GLASER: PLÄNE ZUR EU-AGRARREFORM MÜSSEN GEMILDERT WERDEN

Direktzahlungen an Betriebe sollten grundsätzlich an landwirtschaftliche Produktion gekoppelt bleiben

Wien, 30. April 2003 (ÖVP-PK) Der derzeit vorliegende Entwurf zur Reform der EU-Agrarpolitik wird in vielen Punkten sicher noch abgeändert. Davon zeigte sich ÖVP-Abg. Franz Glaser heute, Mittwoch, überzeugt. Vor allem die von der EU-Kommission vorgeschlagene Entkoppelung der Direktzahlungen von der bäuerlichen Produktion würde gravierende Nachteile für die heimische Landwirtschaft bringen, fürchtet Glaser.****

Der derzeit diskutierte Vorschlag von EU-Kommissar Franz Fischler sei bereits moderater gegenüber dem ursprünglichen Konzept. Glaser steht aber weiterhin zu seiner Hauptforderung: "Direktzahlungen an die Betriebe müssen zu einem gewissen Grad an die landwirtschaftliche Erzeugung gekoppelt bleiben. Kern des Systems der Direktzahlungen sollte die Produktion bleiben und nicht die Nicht-Produktion." Vor allem auf weniger begünstigte Agrarregionen würde sich eine völlige Abkehr vom bisherigen System nachteilig auswirken. "Die Landwirtschaft in Ungunstlagen würde weniger Wertschöpfung erzielen, und damit würden Arbeitsplätze im ländlichen Raum verloren gehen", sagte Glaser.

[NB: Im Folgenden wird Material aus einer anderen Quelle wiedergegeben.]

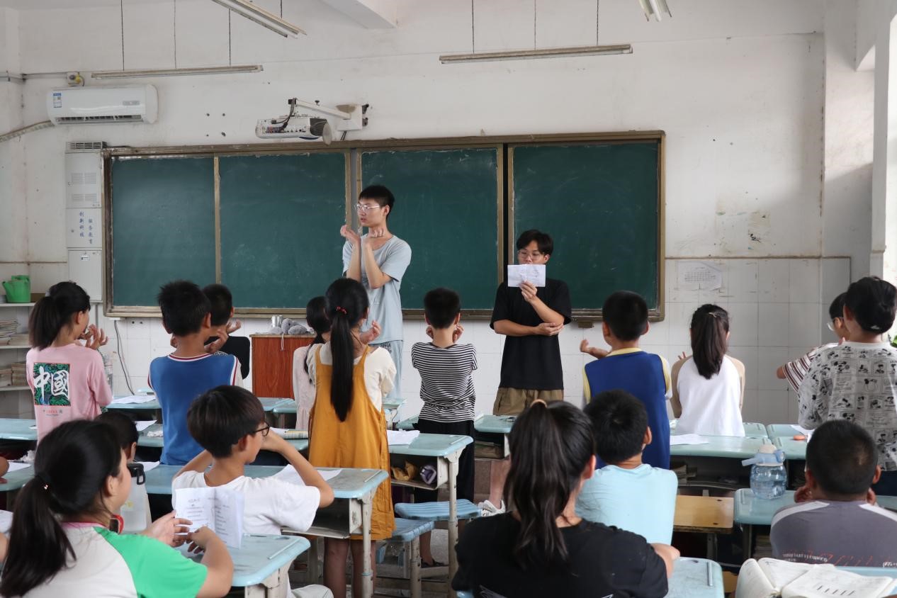 在支教活动第一天,志愿者们充分发挥自身专业优势,利用专业技能,采用喜闻乐见的方式,开展了一场内容丰富、别开生面的课堂活动。在教学互动中,实践队员通过近距离观察孩子们的行为表现,以留守儿童性格特点、年龄特点为出发点,在课堂中间穿插播放动画视频,进行游戏互动,在灵动风趣的画面与丰富多彩的游戏中向学生传播关爱与温暖,消除实践队员与孩子们之间的陌生感,拉近了彼此的距离。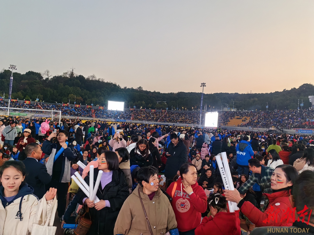 湘超决赛之夜,作为比赛第二现场的永州体育场,涌入数万人,通过大屏幕隔空为永州队加油。(记者 李寒露)
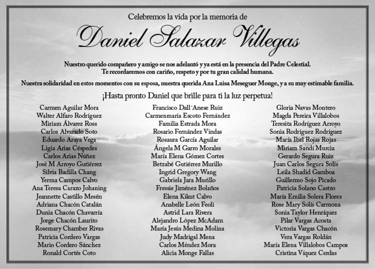 Para publicar en nuestra sección de obituarios contáctenos al 4080-6701, escríbanos al whastapp 6420-2118 o al correo publicidad@nacion.com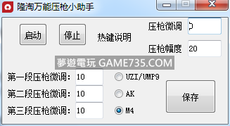 replyreload += ',' + 2127274; 1:新增槍械配置一鍵切換。 2:新增保存微調數值。 3:新增熱鍵說明。 啟動F1 停止F2 UZI:F3 AK:F4 M4:F5 按F1啟動以後,然後按住滑鼠左鍵不放即可。 下載 所有站內附件皆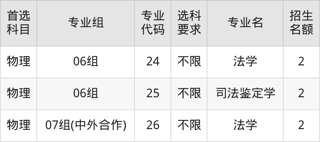 二、西南政法大学在江苏招生计划及专业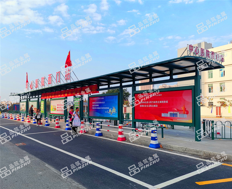 江门公交候车亭材料说明:候车亭顶棚材料:304不锈钢板。候车亭顶弓材料:采用3mm钢板激光切割焊接成型。候车亭立柱:150*150*3mm碳钢方柱。公交候车亭灯箱配置为三部分:内胆:采用1.5mm镀锌钢板钣金制作成型外盖:采用双层1.2mm镀锌钢板钣金制作成型,玻璃为8mm钢化玻璃。电器:节能灯管或LED灯、漏电开关、时空开关、滚动装置。

Positiv bewertet er die bereits vereinbarte Verlängerung des EU-Milchquotensystems bis zum Jahr 2015. Weniger kann Glaser dafür der geplanten Richtpreissenkung für Milch abgewinnen, die in fünf Stufen insgesamt einen Umfang von 28 Prozent erreichen soll. "Damit werden vor allem kleinere Milch erzeugende Betriebe in extreme Schwierigkeiten kommen", so Glaser.

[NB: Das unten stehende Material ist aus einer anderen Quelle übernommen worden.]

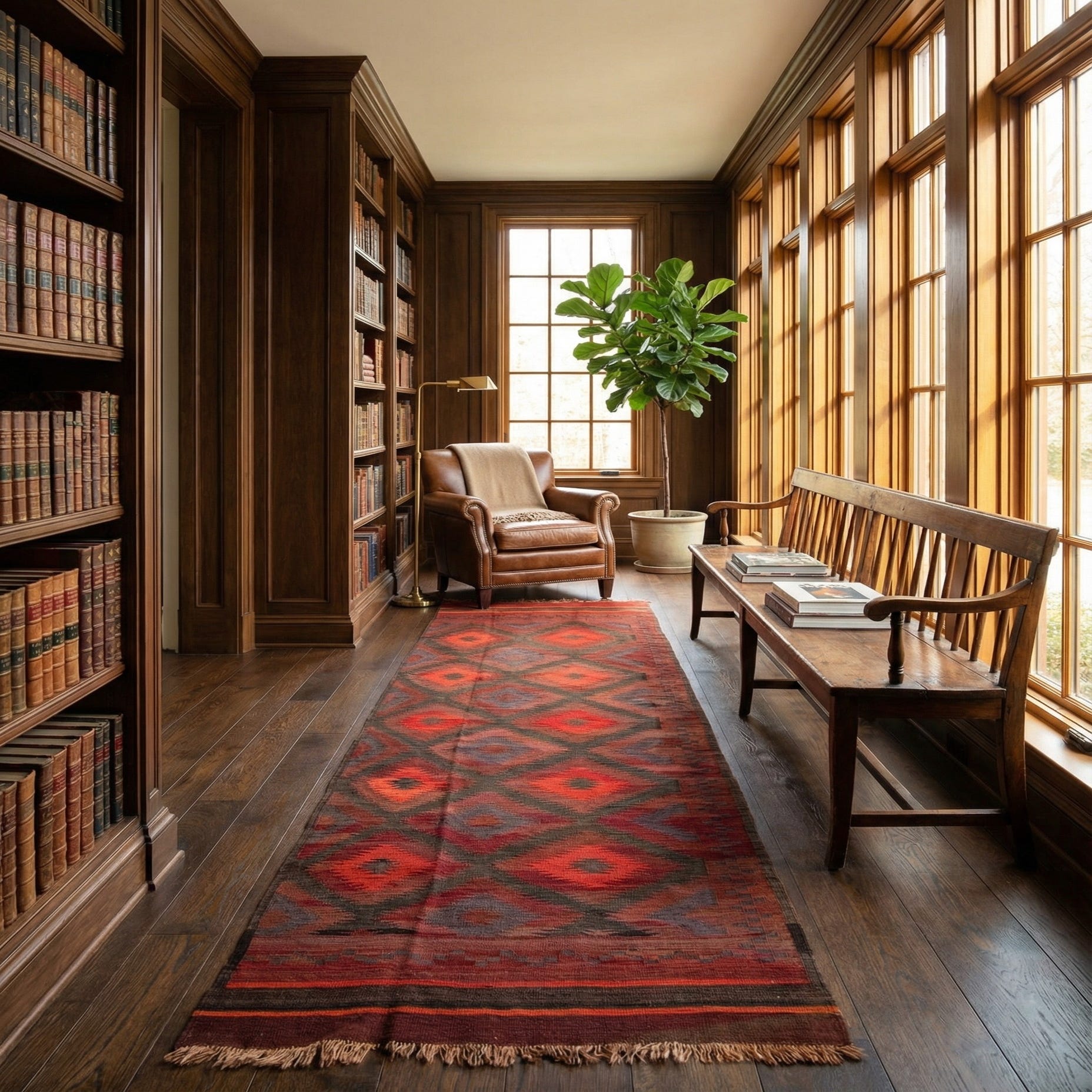 4' x 13' 1 Hand Woven Kilim Fars Wool Runner Rug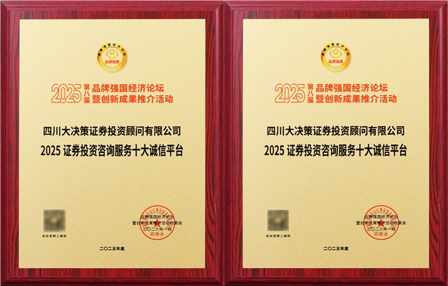在这场备受瞩目的行业盛会上,四川大决策证券投资顾问有限公司(以下简称“四川大决策”)凭借在投顾服务领域的创新实践以及金融科技研发方面的大力投入,一举斩获“2025证券投资咨询服务十大诚信平台”与“品牌强国·证券投资咨询服务最佳品牌”两项大奖,再次成为全场焦点。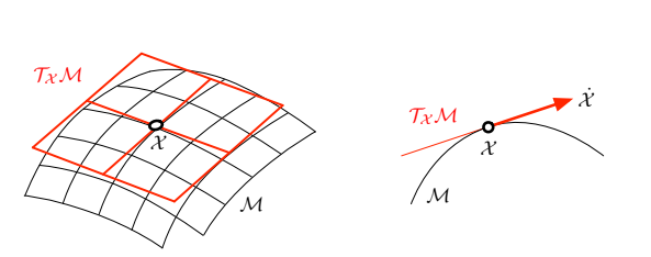특정 위치 $\mathcal{X}$에서의 속도는 $\dot{\mathcal{X}}=\partial \mathcal{X} / \partial t$이며, 이는 $\mathcal{M}$위의 점 $\mathcal{X}$의 tangent space에 속해 있다 .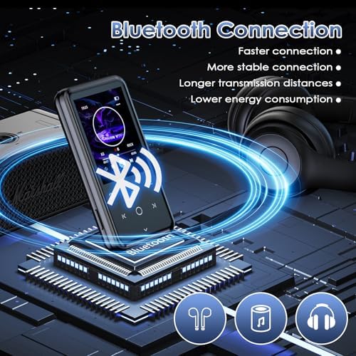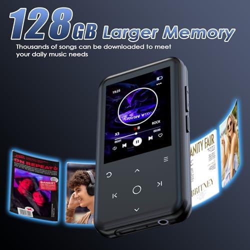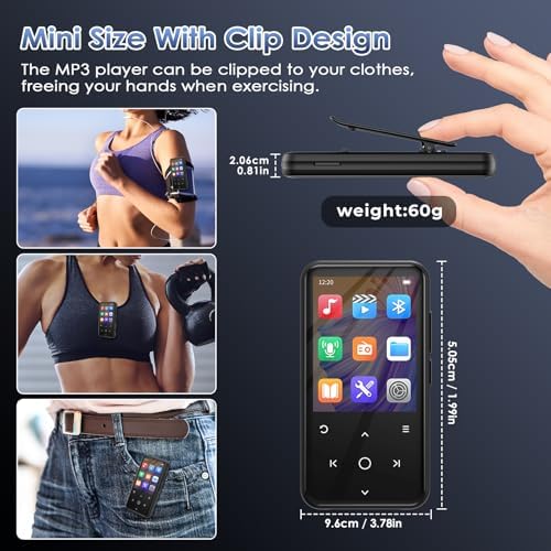 Gueray MP3 Player Bluetooth 128GB: with Clip MP3 Player with Speaker MP3 Player Suitable for Audio Books Supports FM Radio Recorder Alarm Video E-Book Pictures TF Card up to 128GB (US-Q9)

EU-Erweiterung: Gute Marktchancen für heimische Qualitäts-Milchprodukte

Die EU-Erweiterung ab 2004 werde für den heimischen Milchmarkt neue Rahmenbedingungen bringen. "Auf billige Standarderzeugnisse kommt ein härterer Konkurrenzkampf zu. Dagegen steigen für hochwertige Milchprodukte die Marktchancen", zitierte Glaser aktuelle Prognosen. So werden in Ungarn pro Kopf jährlich erst 216 kg Milch konsumiert, in der EU sind es 326 kg.

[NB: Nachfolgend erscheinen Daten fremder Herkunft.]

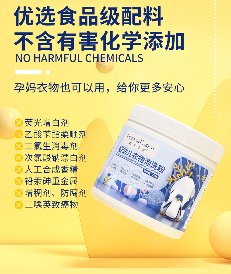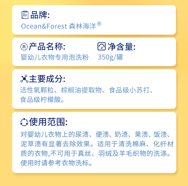 森林海洋 婴幼儿衣物泡洗粉宝宝有氧洗衣粉抑菌免搓洗天然无香精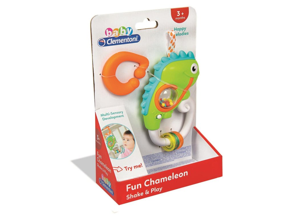 Barevný chameleon přináší miminkům zvuky, pohyb i zábavné objevování. Interaktivní chrastítko Clementoni Fun Chameleon Shake & Play je navrženo tak, aby děti zaujalo barvami, zvuky i různými texturami.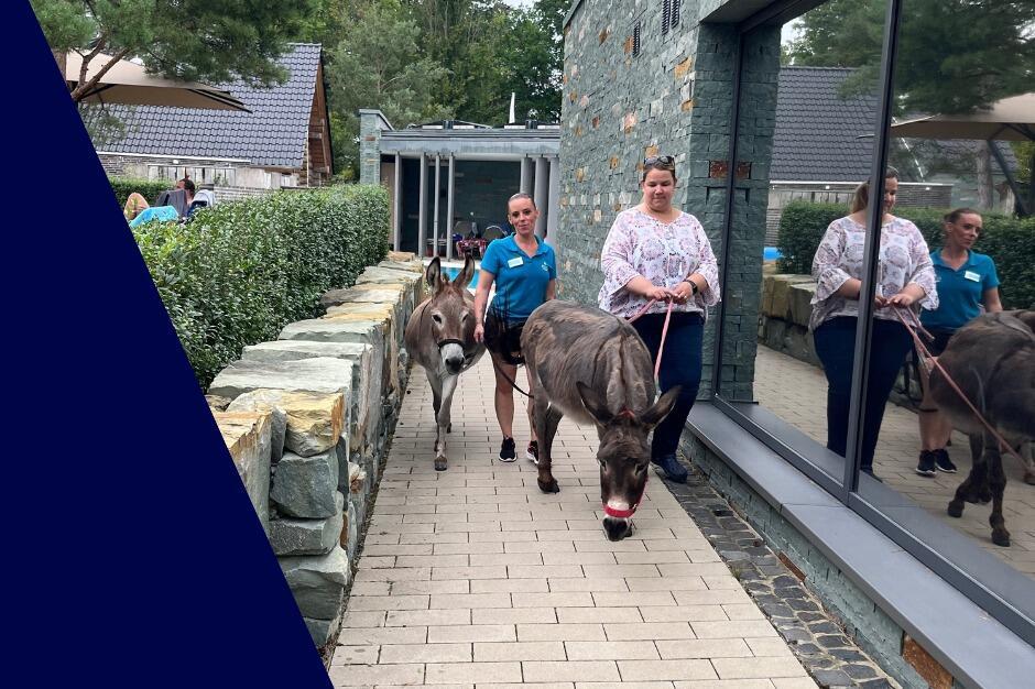 Fernab vom Klinikalltag besuchten Elvira und Benjamin, die beiden Esel der Kinderfachklinik Bad Sassendorf, Mitte August die Börde Therme.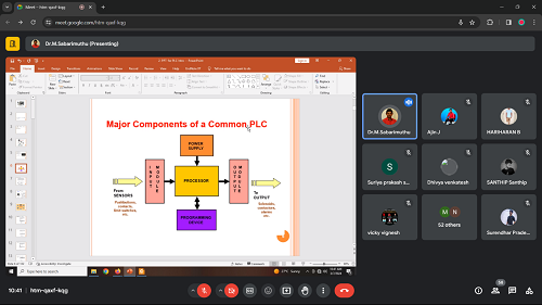 The department of Mechatronics Engineering organized a one-day workshop through online titled on “INDUSTRIAL AUTOMATION –PLC&SCADA” on 07th March 2024.Dr.M.Sabarimuthu, Assistant Professor, Kongu Engineering College, Perundurai was the guest speaker. He explained the workshop aimed to provide participants with a better understanding the aspiring engineers acquainted with the conceptual as well as practical knowledge of the Industrial Automation & latest technologies being used to achieve industrial automation.

"Damit hat die Südburgenland-Molkerei neue Chancen, ihre Qualitätsschiene weiter auszubauen. Die Strategie, heimische Rohprodukte gekonnt zu veredeln und sich mit regionalen Marken auf dem Markt zu behaupten, verspricht auch nach der EU-Erweiterung weiterhin Erfolg", so Glaser.